Effects of Anionic Lipids on nAChR Allosteric Transitions
Infrared difference spectroscopy probes directly agonist-induced allosteric transitions (22, 28). Carb difference spectra recorded from each of the PC/PG, PC/PI, and PC/cardiolipin membranes exhibits vibrations due to both nAChR-bound Carb (1724 cm−1) and the formation of cation-aromatic interactions between Carb and putative binding site tryptophan and tyrosine residues (1620 and 1516 cm−1, respectively) (Fig. 3 and supplemental Fig. S1) (23, 29). Carb binds to the nAChR in each of the different PC/anionic lipid membranes and does so with a similar pattern of recognition.
FIGURE 3.
Anionic lipids influence the ability of the nAChR to undergo Carb-induced structural transitions from the resting to the desensitized state. Infrared difference spectra were recorded from the nAChR in the following: trace i, 3:1:1 PC/PA/Chol; trace ii, 3:2 PC/PA; trace iii, 3:2 PC/PG; trace iv, 3:2 PC/PI; trace v, 3:1 PC/cardiolipin; trace vi, 3:2 PC/PS; and trace vii, PC membranes. The vibration near 1724 cm−1 is due to nAChR-bound Carb. Vibrations near 1620 and 1515 cm−1 reflect the formation of Carb-aromatic residue interactions in the binding site. The amide I (1655 cm−1) and II (1545 cm−1) vibrations reflect changes in the polypeptide backbone upon Carb-induced conformational change (shaded). Increasing intensity of the amide I and II difference bands correlates with an increasing proportion of nAChRs stabilized in a coupled resting conformation that undergoes desensitization. Traces i, ii, vi, and vii are from Refs. 17, 18.

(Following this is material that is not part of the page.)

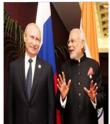
Ο Ινδός Πρωθυπουργός Narendra Modi με τον Ρώσο Πρόεδρο Vladimir Putin στην πρόσφατη επίσκεψη του πρώτου στη Μόσχα

7. Μνημόνιο Κατανόησης μεταξύ GLONASS και Centre for Development of Advance Computing για συνεργασία σε εμπορικές εφαρμογές μέσω ενσωμάτωσης ρωσικών και ινδικών συστημάτων δορυφορικής πλοήγησης.

Carb difference spectra recorded from the nAChR in all PG-containing lipid membranes also exhibit moderate positive amide I and amide II band intensities near 1655 and 1545 cm−1, respectively (Fig. 3, trace iii, and supplemental Fig. S1C). These vibrations, which are markers of the resting-to-desensitized structural change, show that the inclusion of PG in a PC membrane is sufficient to stabilize a small proportion of agonist-activatable resting nAChRs, even in the absence of Chol. Consistent with the hydrogen exchange data, the inclusion of Chol makes a PC/PG membrane even more effective at stabilizing a resting nAChR (Fig. 2).
In contrast, Carb difference spectra recorded from both PC/PI-nAChR and PC/cardiolipin-nAChR (Fig. 3, traces iv and v) essentially lack positive intensity near 1655 and 1545 cm−1, suggesting that the nAChR in both environments is stabilized predominantly in a conformation that does not undergo the resting-to-desensitized transition. It appears that PC/PI-nAChR and PC/cardiolipin-nAChR adopt predominantly the uncoupled conformation.

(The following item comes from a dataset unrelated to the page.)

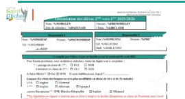
Fiche de vœux 2nde vers 1ere

Une fiche de vœux a été remise à chaque élève de 2 nde ce vendredi 28 mars . Il est demandé aux familles de la compléter et de la signer.
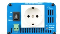
Phoenix Inverter 12/180 with Schuko socket

The infrared data show that membranes composed of PC with the anionic lipids PA or PG are more effective at stabilizing an agonist-activatable resting nAChR than PC membranes containing PS, PI, or cardiolipin. An additional physical or chemical property imparted onto the reconstituted membranes by PA and, to a lesser extent, PG, must play a role in modulating nAChR conformational equilibria.
Agonist-activatable PC/PA-nAChR Undergoes Rapid Allosteric Transitions
We examined further the abilities of PC/anionic lipid membranes to stabilize an agonist-activatable nAChR using the conformationally sensitive probe, ethidium bromide. Ethidium binds with high affinity to a hydrophobic site within the ion channel pore of the desensitized (KD ≅ 0.3 μm), but not the resting (KD ≅ 1 mm) nAChR (30). Relative to aqueous ethidium, nAChR-bound ethidium exhibits a greater fluorescence emission intensity, and its emission maximum shifts from 605 (aqueous solution) to 590 nm (nAChR-bound).

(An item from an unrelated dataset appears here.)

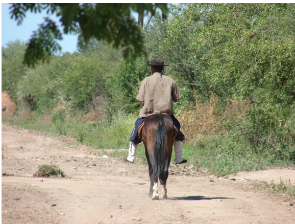
Criollo. Nueva Pompeya (Chaco)

una representatividad que el criollo no posee. De tal modo, hay una serie encadenada de hechos que confluyen en cierto aislamiento y agotamiento del modelo sociocultural criollo local. Por otra parte, en el ámbito chaqueño se encuentran lejos, por ejemplo, de organizar asociaciones campesinas mientras van perdiendo sus tierras por la venta de la tierra pública a los grandes productores o vendiendo sus tierras, o sencillamente siendo estafados y acosados por la marginación social 19 . En los tiempos actuales hay un alto nivel de subocupación de la mano de obra joven en el campo. La limitación señalada empuja al joven criollo a migrar, por ejemplo al conurbano bonaerense, para emplearse en fábricas como obrero, insertándose en un ámbito que reconocen inseguro y completamente diferente del que quisieran habitar (Caputo, 2000). Un problema central gira en torno del sentido de pertenencia de la tierra que sin embargo muchas veces no es sino territorio fiscal o aborigen donde en su mayoría realizan la actividad productiva en forma familiar concentrada en una ganadería extensiva caracterizada por una inversión tecnológica muy baja 20 .

Addition of PC/PA-nAChR to a 0.3 μm aqueous solution of ethidium leads to an increase in dibucaine-displaceable fluorescence emission intensity (Fig. 4, trace i). At this concentration, ethidium binds to ∼50% of the pre-existing desensitized receptors but not appreciably to the resting state. Also, 0.3 μm concentrations of ethidium are not sufficient to shift a large proportion of nAChRs from the resting to the desensitized conformation (the equilibrium dissociation constant in the absence of Carb is in the 7–11 μm range) (30). The dibucaine-displaceable fluorescence observed at 0.3 μm ethidium in the absence of Carb thus represents primarily ethidium binding to pre-existing desensitized nAChRs (see also below).
Subsequent addition of 500 μm Carb leads to a substantial further increase in dibucaine-displaceable fluorescence showing that Carb binding allosterically shifts the population of resting nAChRs into the desensitized conformation. In contrast, there are essentially no changes in the fluorescence emission intensity upon the addition of PC-nAChR to aqueous ethidium, even after the addition of 500 μm Carb (Fig. 4, trace v). Consistent with the infrared difference measurements, the fluorescence data show that a substantial proportion of PC/PA-nAChR adopts a resting conformation that undergoes agonist-induced desensitization, whereas PC-nAChR is stabilized predominantly in the nonresponsive low ethidium affinity uncoupled conformation (14).
Note that the increase in fluorescence observed upon mixing PC/PA-nAChR with ethidium in the absence of Carb is slow and occurs on the seconds to minutes time scale (Figs. 4 and 5, trace i at time = 100 s). A similar slow increase in fluorescence is also observed upon mixing ethidium with PC/PA-nAChR that has been desensitized by pre-equilibration with 500 μm Carb (Fig. 5, trace ii). The slow increase in fluorescence is thus due primarily to slow binding of ethidium to the ion channel pore of the desensitized nAChR.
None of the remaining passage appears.